[Dataset entries]
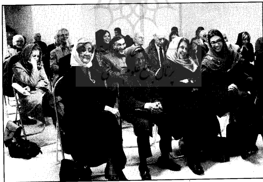
● صحنه‌ای دیگر از نشست «مطالعات ایران باستان» در نشر فرزانه روز
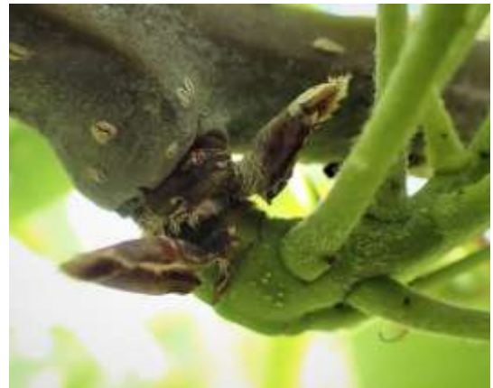
図2 ナシ黒星病の果そう基部病斑
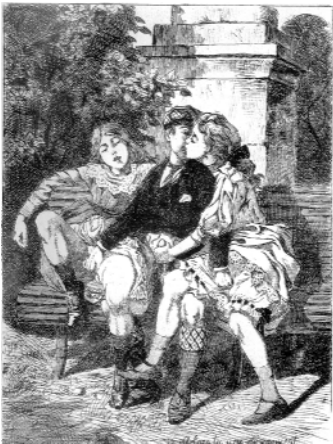
На скамейке. Martin Van Maele (1907)

внешне выглядят значительно младше своего календарного возраста. Так, из обследованных нами школьников – учащихся периферийных школ, ойгархе отсутствовало у четверти (!) юношей, достигших 16–17-летнего возраста. Это связывается с низким качеством жизни в целом и питания, в частности. Средний возраст появления менархе в настоящее время у русских девушек составляет 12,8 лет; ойгархе у русских юношей из благополучной среды – 13,6 лет, у остальных – 14,1 лет.
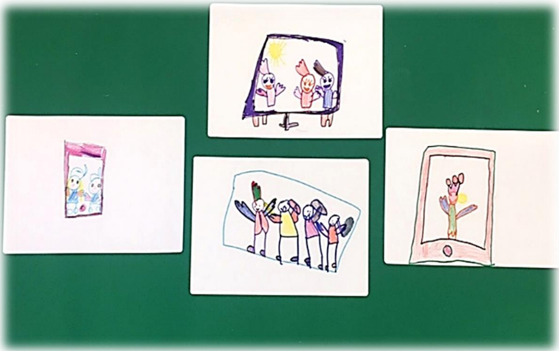
Slika 1: Predstave otrok, kje lahko dobijo film

Otrokom proces nastajanja filma od prej ni bil znan, njihovi opisi so bili skromni, najpogostejši odgovor je bil: »Film se posname s kamero.« Vedeli so, da v filmu igrajo igralci, ostalih poklicev niso znali poimenovati. Veliko več so vedeli o tem, kje film lahko dobijo. Najpogostejši odgovori so bili: telefon, televizija, trgovina, računalnik in kino. Otroci so svoje predstave tudi narisali.
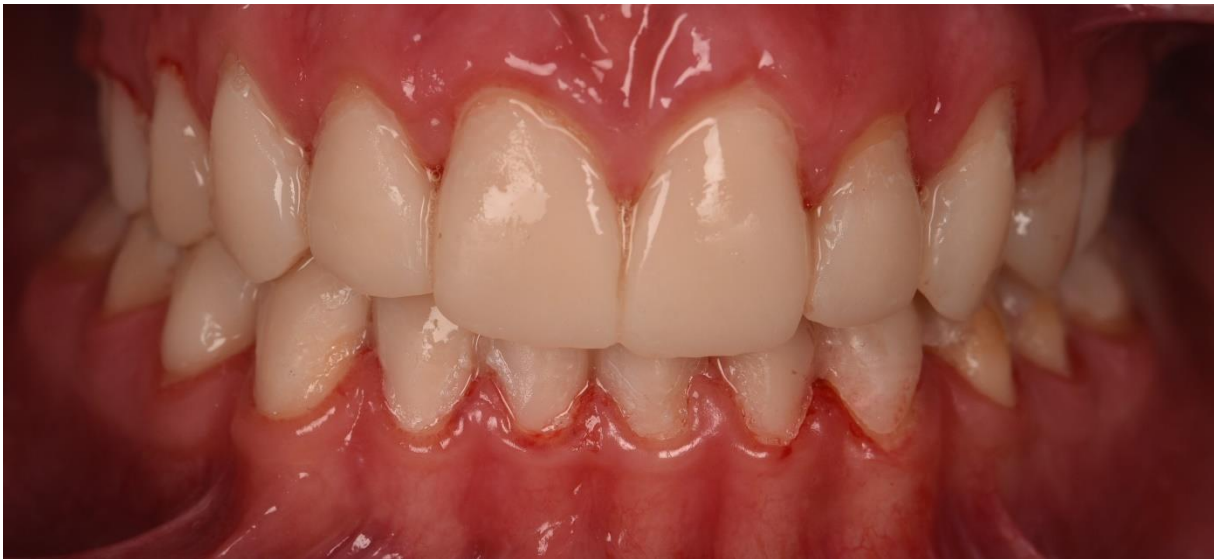
Slika 5. Mock-up .

Mock-up nam služi kao vodilja kojim možemo odrediti opseg brušenja tvrdoga zubnog tkiva uz njegovu maksimalnu poštedu. Nadomjestak dobiven izradom mock-upa možemo provjeriti funkcijski i estetski u usnoj šupljini pri čemu ćemo provjeriti dužinu zuba, položaj u odnosu na usnicu te izgovor glasova. U ovoj fazi moguće su korekcije dok oboje, terapeut i pacijent, nisu zadovoljni estetskim i funkcijskim komponentama budućeg rada (21).

### [Problem requirements]
From the data above, show each line that contains "Slika".

### [Result of this exercise]
Slika 1: Predstave otrok, kje lahko dobijo film
Slika 5. Mock-up .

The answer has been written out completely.